Written by Deborah Lewis Category: Visual Arts Issue: July 2016
Group Free

"Droplets" by Ingrid DonaldsonIngrid Donaldson is an artist, art teacher, gallery owner and advocate for local artists. The PHiX visited with her at her Scottsdale gallery Blink.

Donaldson proudly reports being kicked out of art school for not conforming. She dumped her corporate job 20 years ago, and made art her main gig.

 

What happened next?

I've never looked back. I do glass, casting and conceptual pieces. I needed a way to hang my art, so I learned how to weld. I did blacksmithing because that went along with welding. I went into metals because I had to further the glass that I was doing. I identify as a metalsmith because I can work very tiny to very, very large. I can work gold to platinum to steel.

"Shrooms" by Ingrid DonaldsonI love old-school craftsmanship. I teach a lot of ancient techniques here that could be lost. I have a hand-crank blacksmithing forge from the 1800's that I bought at an auction, and It’s my favorite. I made work based on an Egyptian technique for glass. I researched how they had done it, but I used modern technology. No building a forge out of bone or burying anything in a pit of sand. I actually used a kiln. I totally cheated.

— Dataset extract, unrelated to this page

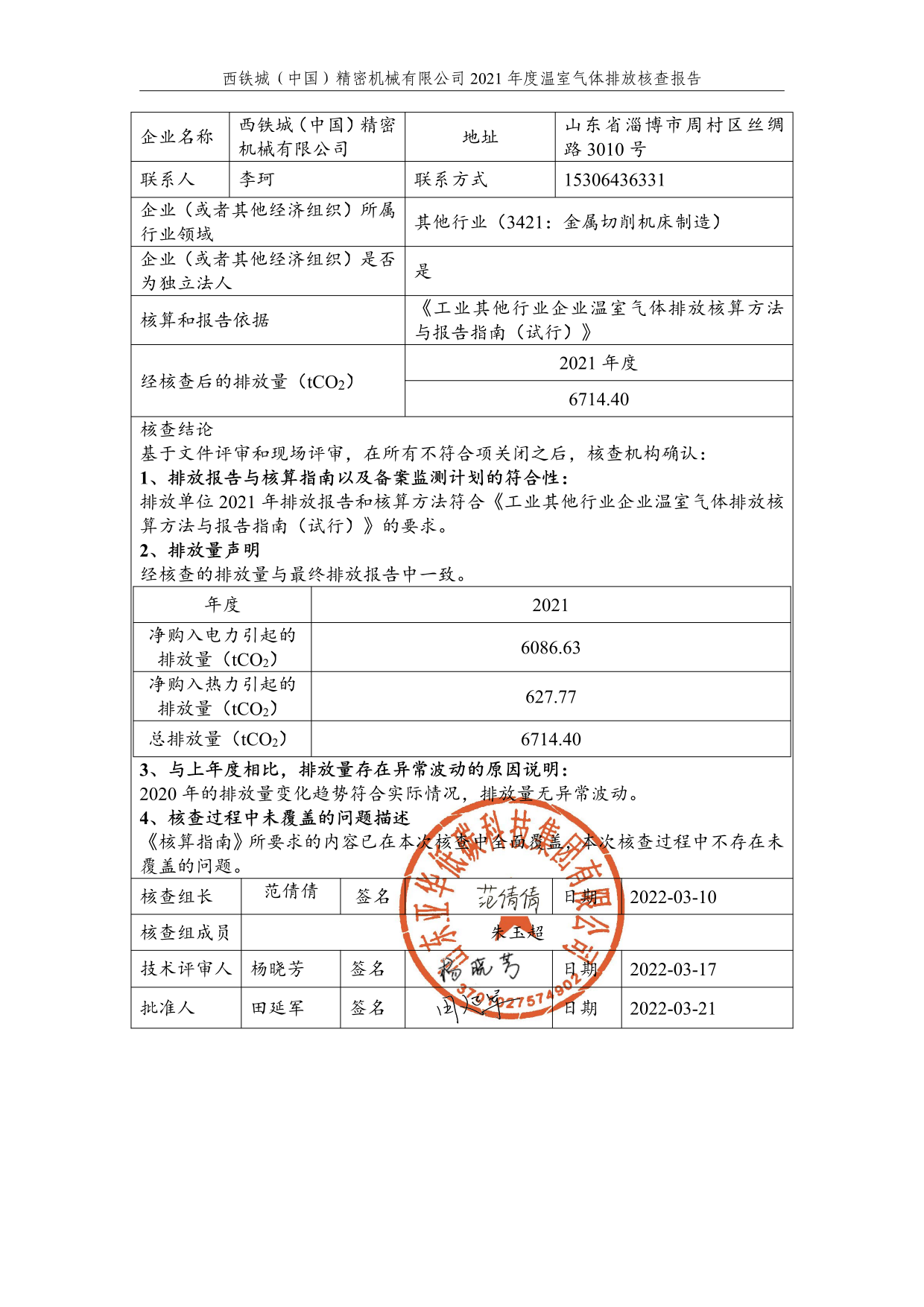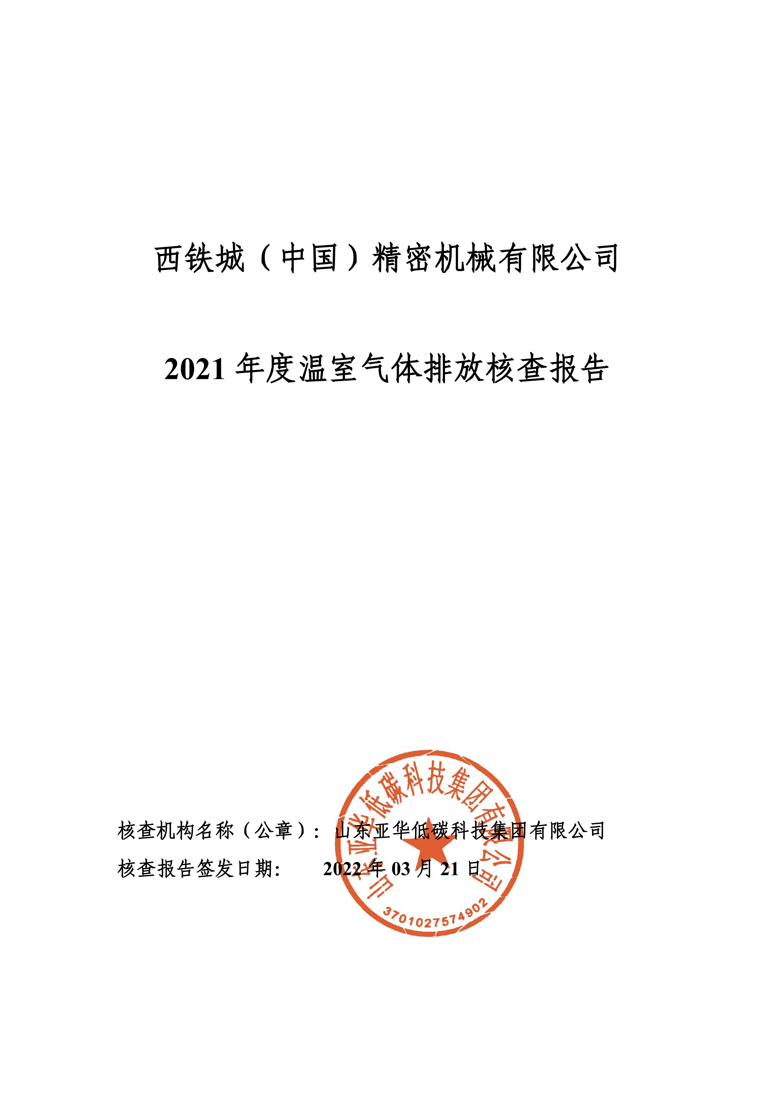 西鐵城(中國)精密機械有限公司2021年度溫室氣體排放核查報告
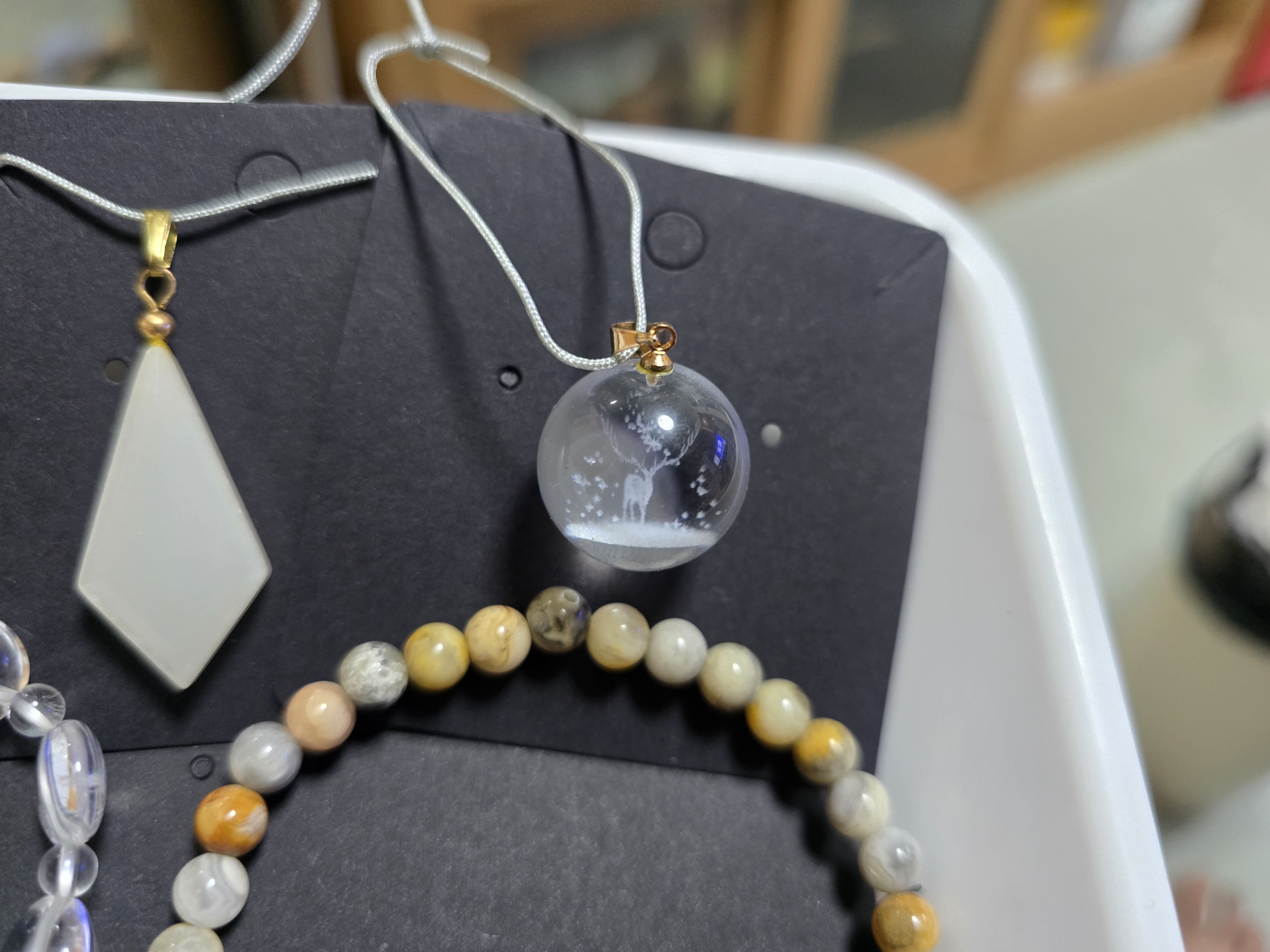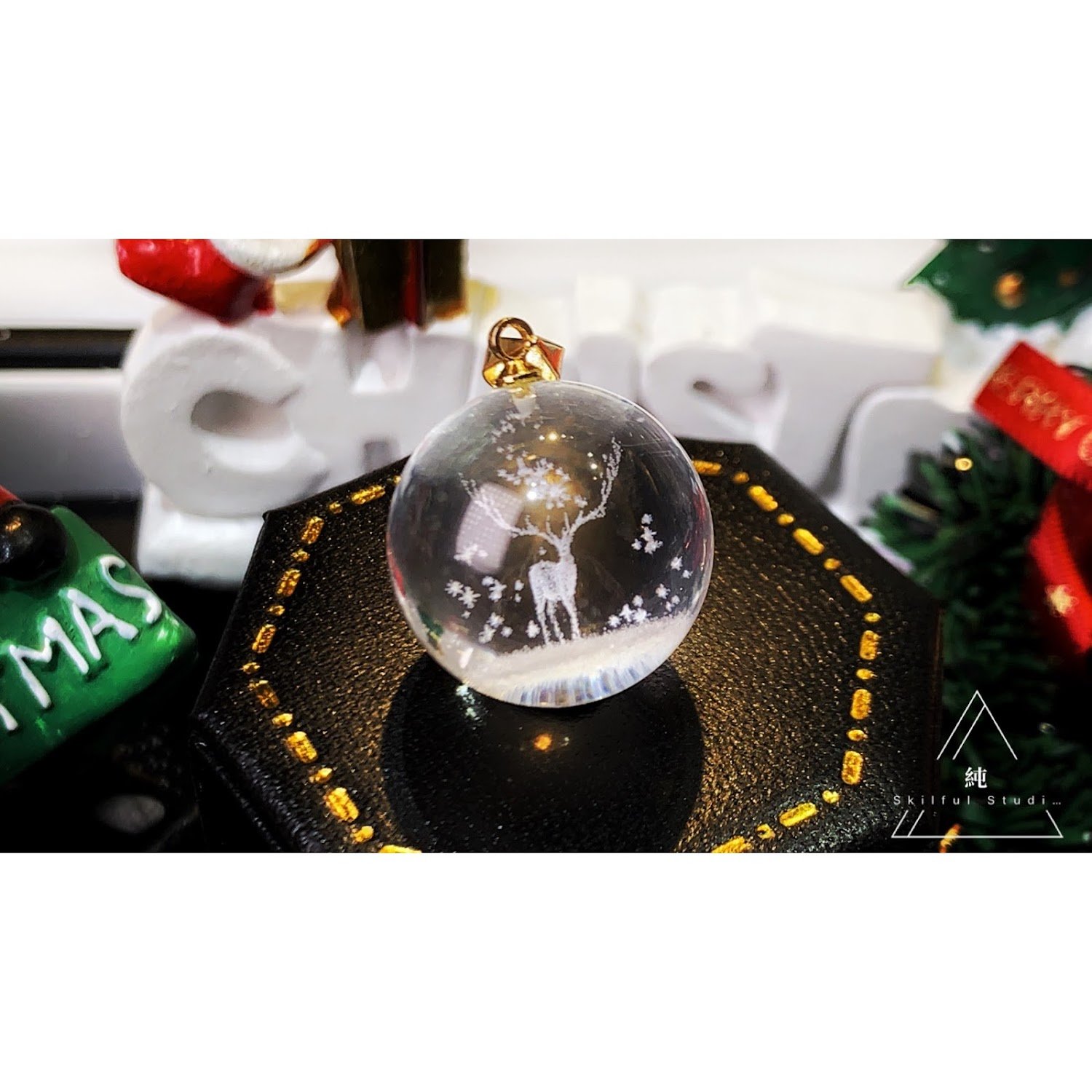 聖誕套裝預售 1set5件 天然白水晶手串 馴鹿內雕刻吊咀

There's mushroom pieces in Blink, and it's not because I'm a hippie. My mushrooms reflect bioremediation, using plants and fungus to remediate toxins out of the environment. It’s a very important aspect of what I create. I have some dark humor. I do some work that reflects my reaction to Pluto being demoted. I was really mad. You can't demote Pluto! It's not cool.

I have some things in here for the viewer to question what it's about or why it even exists. I like to have people actually look at stuff. Then, I know they are actually paying attention.

 

What is the history of your gallery Blink?

Blink was originally on Seventh Street and Roosevelt [Street] right on Roosevelt Row in Phoenix. It was working well, then the [economic] crash happened, and the corporation that runs Roosevelt Row made decisions that did not benefit the brick and mortar galleries. On first and third Fridays, space for tents was increased and a much younger crowd was cultivated.

So, I decided it was time to re-evaluate the situation. I closed Blink, and went and got a master’s degree at ASU in metalsmithing. I came out of school, and the opportunity came to re-open Blink in Scottsdale [in Marshall Square]. That’s where the buyers are.

 

What’s the best part of your situation now?

There were three things I really wanted since I landed in the art field: to have a gallery, to teach at the collegiate level, and to teach in the community. The gallery happened, my collegiate teaching happened [Donaldson heads the metalsmithing program at Scottsdale Community College], and Phoenix Center for the Arts asked me to teach classes again as head of their department. So, I have this little triangle I travel.

 

Blink Gallery sits in an out-of-the way corner near Tilt, Quantum and Sandbulte galleries. What’s the story of this art gallery corner?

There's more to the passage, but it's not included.